手巻きサンドイッチと黄金オーケストラ
7月半ばになっても、梅雨はまだ明ける気配もみせない。
じめじめと雨の続くある日曜日、カルテットキッチンの入り口に『幕間中』の看板が一枚かけられた。
『それで、あの発表会、成績はあんまり良くなかったんですけど……』
燕の耳元……スマートフォンから桜の明るい声が響いている。
これまでの中で、ひときわ明るい。弾けるように伸びやかな声だ。走っているのか、息が少し上がっている。
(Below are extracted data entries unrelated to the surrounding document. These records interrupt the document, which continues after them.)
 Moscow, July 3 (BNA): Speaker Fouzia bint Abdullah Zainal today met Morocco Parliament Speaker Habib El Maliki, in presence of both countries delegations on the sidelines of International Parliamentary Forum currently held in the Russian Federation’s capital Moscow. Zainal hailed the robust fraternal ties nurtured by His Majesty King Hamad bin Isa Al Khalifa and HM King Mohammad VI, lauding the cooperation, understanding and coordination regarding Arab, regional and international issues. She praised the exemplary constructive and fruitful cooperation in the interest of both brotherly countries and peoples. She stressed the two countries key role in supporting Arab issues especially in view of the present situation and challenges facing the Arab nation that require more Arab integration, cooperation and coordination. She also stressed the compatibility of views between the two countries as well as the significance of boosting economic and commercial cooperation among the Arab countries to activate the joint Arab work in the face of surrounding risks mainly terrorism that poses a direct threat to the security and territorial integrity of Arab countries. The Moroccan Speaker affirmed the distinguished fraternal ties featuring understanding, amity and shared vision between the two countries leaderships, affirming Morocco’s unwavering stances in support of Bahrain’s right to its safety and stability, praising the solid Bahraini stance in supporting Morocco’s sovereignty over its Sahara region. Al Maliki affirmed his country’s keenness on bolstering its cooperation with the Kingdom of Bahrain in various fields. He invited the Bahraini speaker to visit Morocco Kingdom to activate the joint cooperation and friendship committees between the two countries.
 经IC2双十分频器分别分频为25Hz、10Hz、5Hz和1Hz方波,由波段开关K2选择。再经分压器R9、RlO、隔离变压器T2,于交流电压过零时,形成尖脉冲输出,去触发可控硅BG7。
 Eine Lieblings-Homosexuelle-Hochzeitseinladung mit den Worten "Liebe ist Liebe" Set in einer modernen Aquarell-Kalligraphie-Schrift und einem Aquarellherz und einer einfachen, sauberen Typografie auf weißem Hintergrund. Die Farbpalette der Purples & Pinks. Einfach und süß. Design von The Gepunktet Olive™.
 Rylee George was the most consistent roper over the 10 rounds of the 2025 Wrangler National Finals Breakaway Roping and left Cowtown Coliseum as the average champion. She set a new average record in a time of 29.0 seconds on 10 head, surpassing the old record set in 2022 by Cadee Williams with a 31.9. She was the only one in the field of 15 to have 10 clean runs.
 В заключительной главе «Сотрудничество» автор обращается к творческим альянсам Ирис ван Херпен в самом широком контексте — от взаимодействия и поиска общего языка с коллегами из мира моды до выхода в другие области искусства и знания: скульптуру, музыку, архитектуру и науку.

激しい雨の音も聞こえるが、桜がその音に怯える様子は無かった。
『たまたま発表会を見てた有名な先生が私のピアノを気に入ってくれて、夏休み、教えてくれることになって』
燕は椅子に腰を下ろしたまま、スマートフォンを耳に押し付けている。
目前にはカルテットキッチンの壁。そこは今、色鮮やかな一枚のキャンバスである。
青空、森、その中に様々な楽器を演奏するオーケストラ。
オーケストラの面々は、楽しそうに演奏を繰り広げている。空は夏特有の抜けるような青色……そんな絵が、今、誕生しようとしている。
絵の前に立つのは、律子だ。彼女は腕をいっぱいに伸ばして、無我夢中に絵を描いていた。
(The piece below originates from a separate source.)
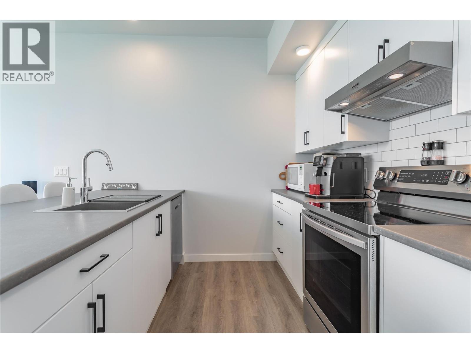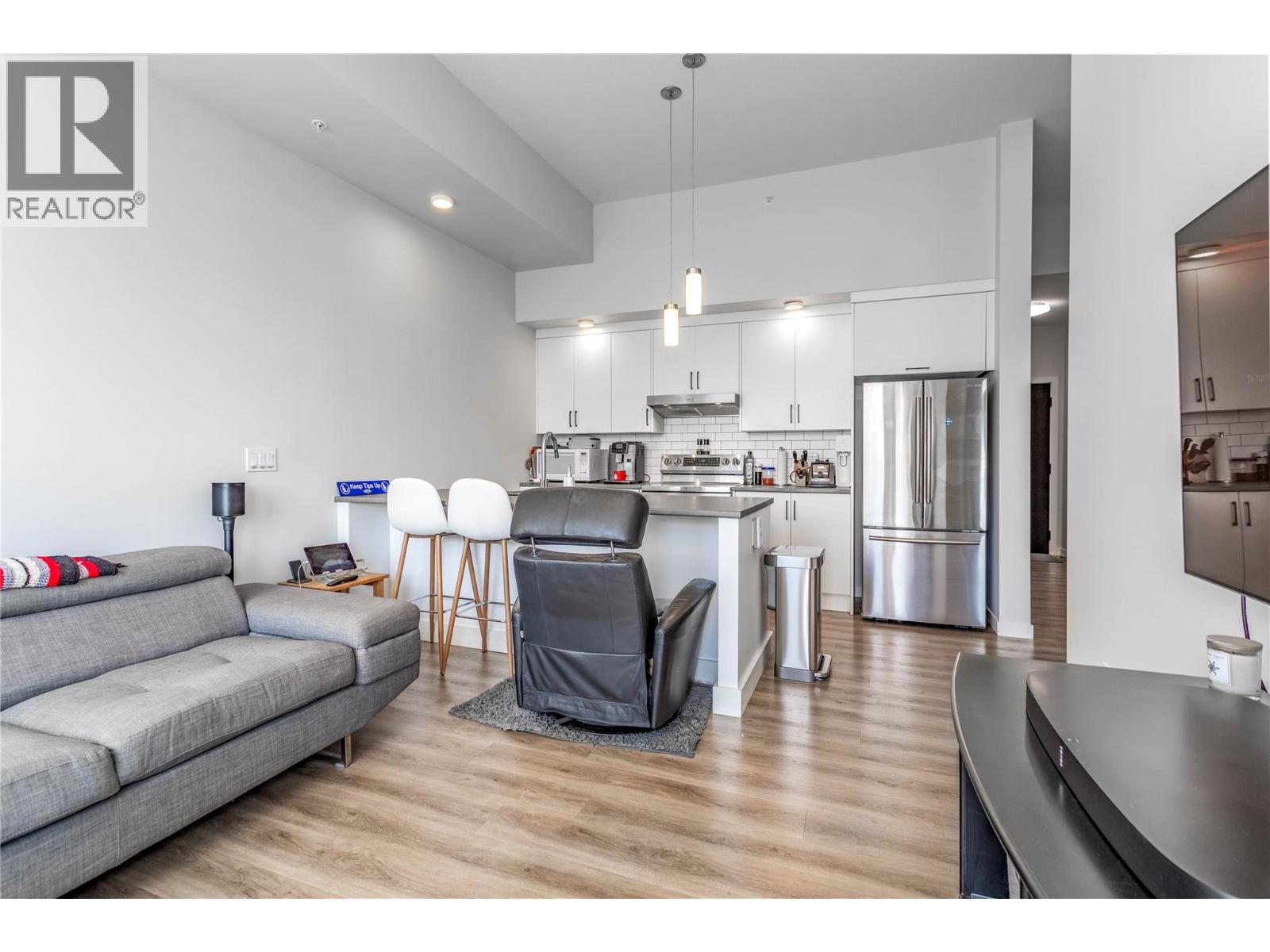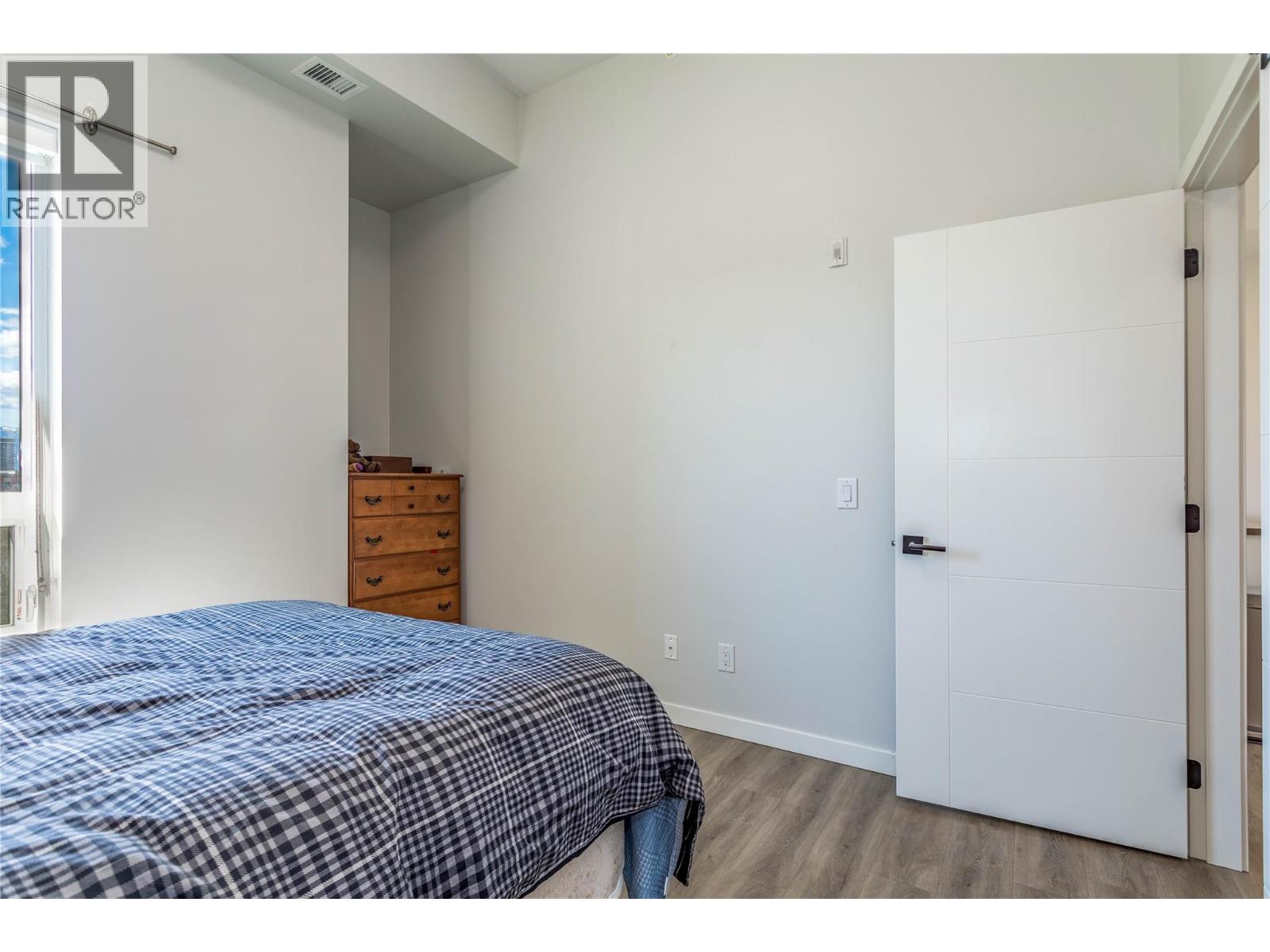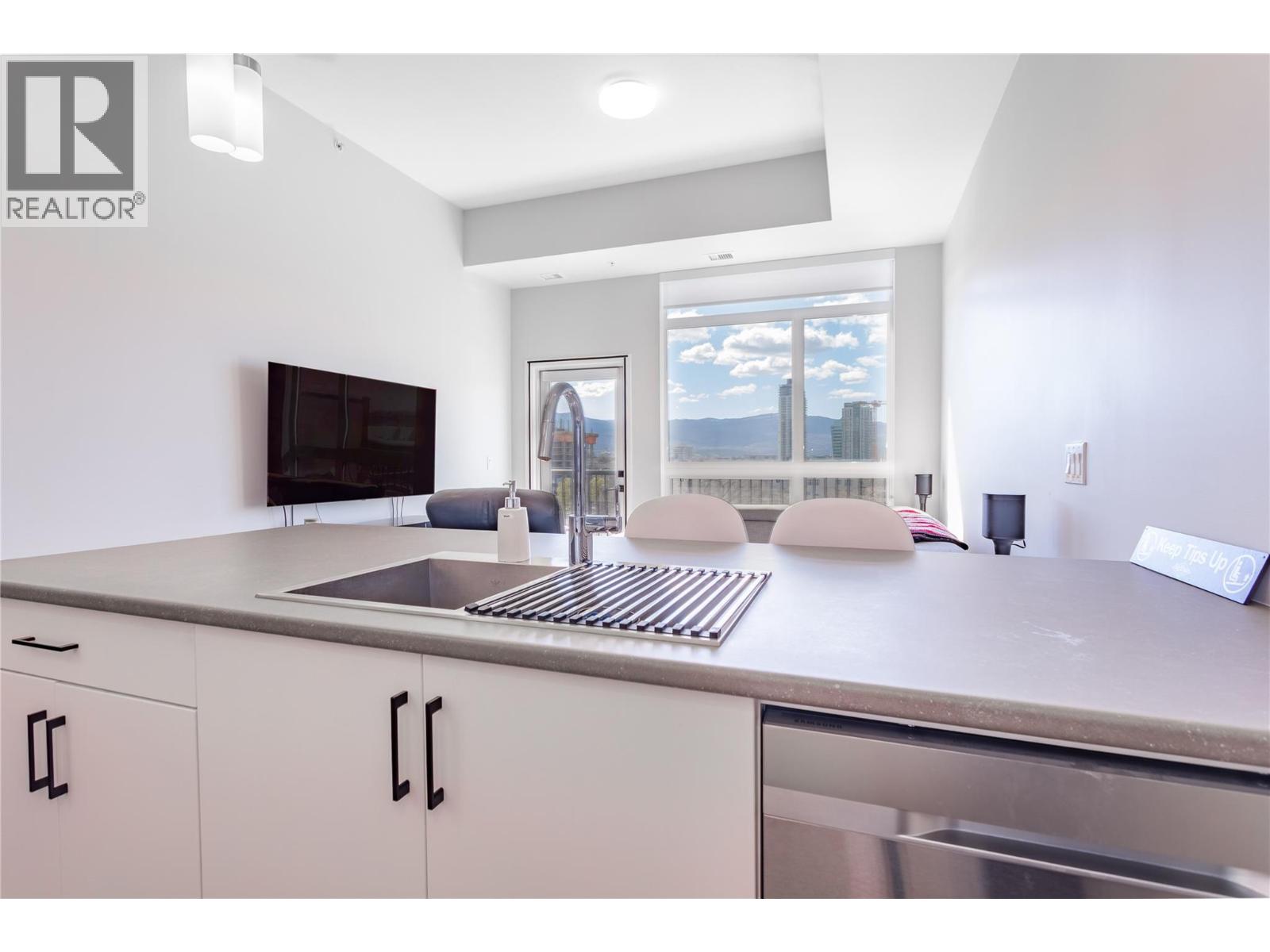 $317.58 MonthlyTOP-FLOOR LIFESTYLE! Welcome to the pinnacle of downtown living in Kelowna's vibrant North End! Perched on the top floor, this bright and beautiful condo is the ultimate urban sanctuary. With no neighbors above you, you'll enjoy a serene and private living experience that's truly a cut above the rest. Step inside and be wow'ed by the incredible south-facing views of the valley and lake, which bathe the open-concept living space with abundant natural light. The high ceilings create an airy, spacious feel, while the streamlined kitchen, complete with an entertainer's island and sit-up bar, is perfect for hosting friends and family. The thoughtful split-bedroom floor plan ensures privacy, with the second bedroom being an ideal space for a home office or guests. A convenient in-suite laundry room with extra storage adds to the unit's practicality. Step out to your private, top-floor balcony, where you can soak up the sun and cultivate a charming herb garden with a view. This 2019 building is a walker's paradise—imagine a lifestyle where you're just a short stroll from Kelowna's best breweries, restaurants, shops and the beach and lake are only two blocks away; enjoy the best of Kelowna’s legendary summer. With a secured underground parking stall included, you have the flexibility of a no-car lifestyle while still having a spot for your vehicle. This is more than just a home—it's a lifestyle. Book your showing today and start living the dream! (id:61840)

燕は耳にスマートフォンを押し付けたまま、平和な風景をじっと見入る。
「良かったな」
『そうなんです! 夏生と今、その話聞いた所で……。あ、お母さんが今日夜勤明けだから、今から合流してお店に戻りますね。みゆきさんたちも、そろそろ病院の検査から帰ってくる頃だし……そうそう、生まれた子、名前は夏美ちゃんです』
『夏美?』
『夏生まれだから』
絶対嫌だっていったのに。と、隣から夏生の叫ぶような声が聞こえた。
『すごく安直でしょ。うちの親と似てるんです。みゆきさん』
電話の向こうの桜もいかにも幸せそうだ。
苦しみもがくような色は、もう無い。
あの日……あの発表会の日、桜は演奏前に突然ステージを駆け下りる、という前代未聞なことをしでかした。
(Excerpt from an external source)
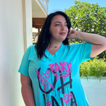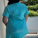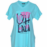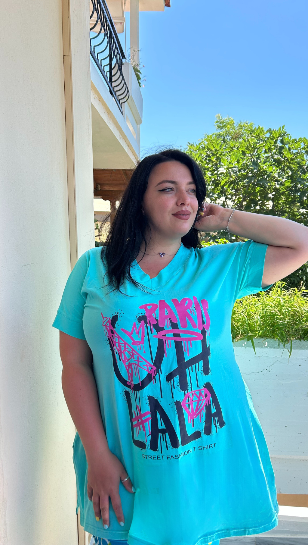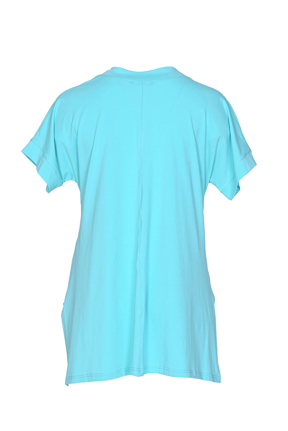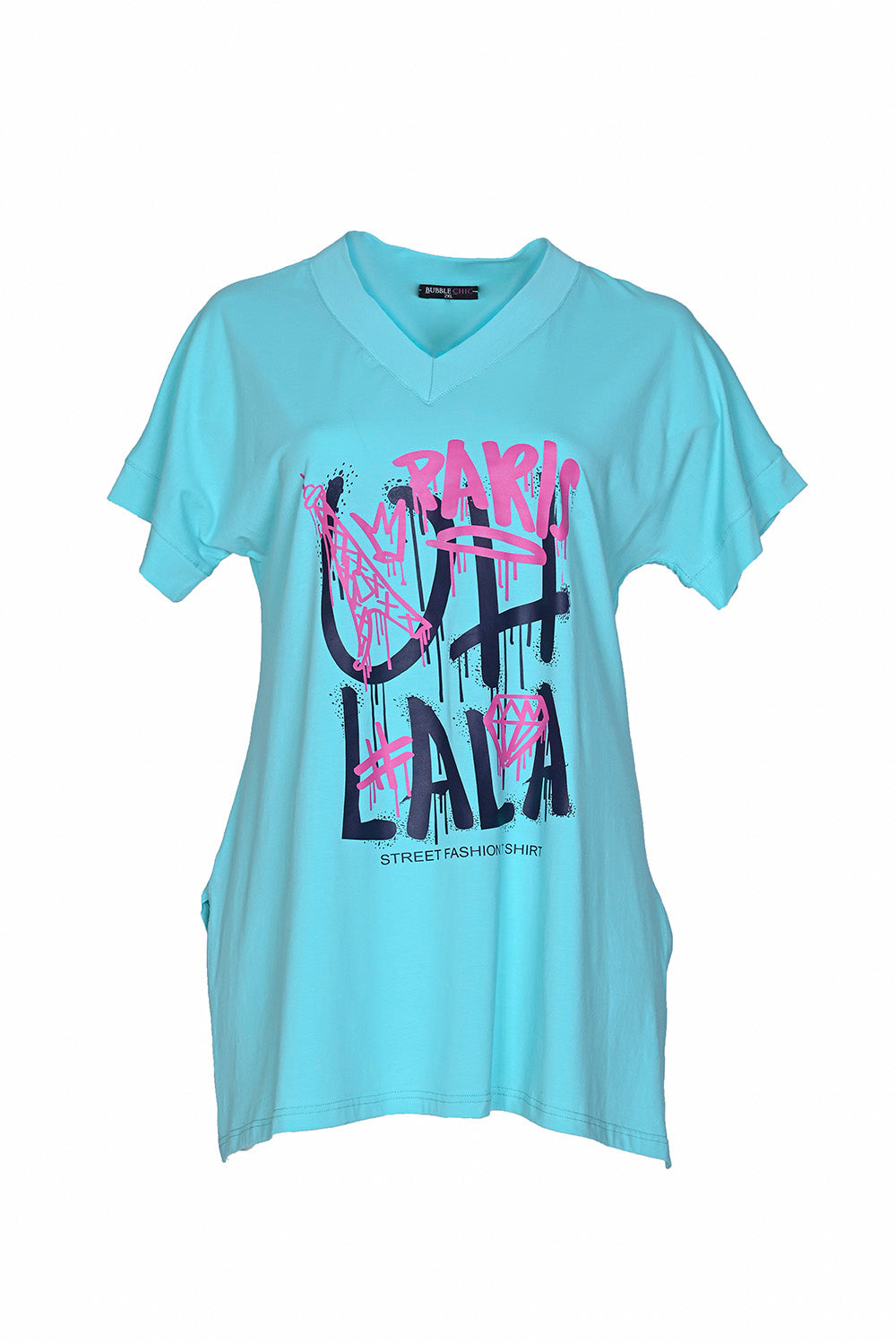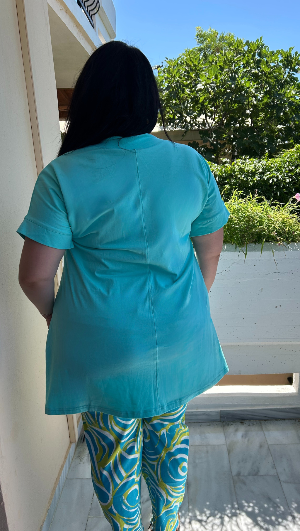 Βαμβακερό τουνίκ με V λαιμόκοψη και τύπωμα- Τιρκουάζ

監視員がストップを掛けるその直前、彼女は演奏をはじめたのだ。
燕に音楽の良し悪しはわからない。しかし桜のピアノは、綺麗だった。ざわめいていた会場の声が静まり返るほどに、綺麗だった。
桜の背は真っ直ぐに伸び、まるで音符に包まれているようだった。幸せそうに、楽しそうに彼女の腕が動く。
それは律子が絵を描く時と同じだ。
夢中になると、まるで踊るように見えるのだ。
「わかった。食事の用意もできているから」
『はい! 急いで帰ります! あ、律子さんに絵のこと、あと10年前のことも……お礼を何も言えてなくて……あ、いいです。やっぱり私が言います。じゃあ、あとで』
元気のいい声は、やがて雑音とともに勢いよく切れた。
「桜さんね。すぐ来るの? 私もお話したかったのに」
律子が腕を止め、燕を見上げる。
「やっぱり、桜さんのお迎えに行けばよかったかしら」
「……こんな雨の中を? 風邪を引きますよ」
横殴りの雨に煽られて、表に立て掛けた木の看板がガタガタと音をたてた。
カルテットキッチンの入り口に掛けられた『幕間中』の看板は店長がふざけて作ったものだ。
そろそろリフォームを。という店長の鶴の一声で、店のリフォームがはじまったのは一週間前のこと。
一週間程度で終わるはずが、壁に絵を、ステージは補強を……と言っている間に、全体的なリフォームに話が広がった。
改装予定日はどんどんと伸び、おかげで燕のバイトも休業中。
本来は再開記念日となるはずだった今日も、「決起会」と名前が変わった。
「電話っていいわねえ。燕くん、家には電話があったはずなのに、もうずっと行方不明なの。探して付けなおそうかしら」
筆を握ったまま律子が唇を尖らせる。
「私だってみんなとお話したいわ」
「いつでも僕のを貸しますよ。電話なんてあっても邪魔でしょう。毎日電話がかかってきそうですし」
燕も筆をにぎり、壁に色を足していく。律子の塗り残した場所に、そっと痕跡を塗り込めるように、色を重ねる。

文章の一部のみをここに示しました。